Alignments on NCBI database
Hands-on: NCBI BLAST alignment
- FASTQ to FASTA ( Galaxy version 1.1.5) with the following parameters:
- param-collection “Input FASTQ File”: output collection from tool Relabel Identifiers
- NCBI BLAST+ blastn ( Galaxy version 2.14.1+galaxy2) with the following parameters:
- param-collection Nucleotide query sequence(s): output from the previous step
- “Subject database/sequences”:
Locally installed BLAST database
- “Nucleotide BLAST database”:
NCBI NT (01 Sep 2023)
- “Output format”:
Tabular (extended 25 columns)
- “Advanced Options”:
Hide Advanced Options
Hands-on: Extracting best hits
- Unique ( Galaxy version 0.3) with the following parameters:
- param-collection “File to scan for unique values”: output from the previous step
- “Advanced Options”:
Show Advanced Options
- “Column start”:
c1
- “Column end”:
c1
Workflow Outputs
-
Collection of raw FASTQ files: Input AB1 files converted into FASTQ files.
-
Collection of FASTQ files (after quality control): Renamed Fastq files ready for submission after quality control and filtering.
-
Collection of FASTA files: FASTQ files converted into FASTA format. Used for conducting BLAST alignments.
-
FastQC Quality Control Results before and after cleaning: Both raw FastQC results and HTML reports are created
-
MultiQC Quality Control Results before and after cleaning: Both raw MultiQC statistics and HTML report are created
-
Raw Blast Results: Results of BLAST alignments conducted on our sequences.

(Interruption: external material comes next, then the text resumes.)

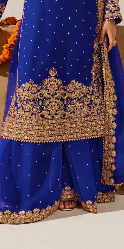 Royal Blue Faux Georgette Lace Work Salwar Suit

Columns names are:
Column NCBI name Description 1 qaccver Query accession dot version 2 saccver Subject accession dot version (database hit) 3 pident Percentage of identical matches 4 length Alignment length 5 mismatch Number of mismatches 6 gapopen Number of gap openings 7 qstart Start of alignment in query 8 qend End of alignment in query 9 sstart Start of alignment in subject (database hit) 10 send End of alignment in subject (database hit) 11 evalue Expectation value (E-value) 12 bitscore Bit score 13 sallseqid All subject Seq-id(s), separated by a ‘;’ 14 score Raw score 15 nident Number of identical matches 16 positive Number of positive-scoring matches 17 gaps Total number of gaps 18 ppos Percentage of positive-scoring matches 19 qframe Query frame 20 sframe Subject frame 21 qseq Aligned part of query sequence 22 sseq Aligned part of subject sequence 23 qlen Query sequence length 24 slen Subject sequence length 25 salltitles All subject title(s), separated by a ‘<>’ -
Filtered Blast Results Files containing the closest homologous sequences.
-
Collection of Fastq files Contains filtered sequences.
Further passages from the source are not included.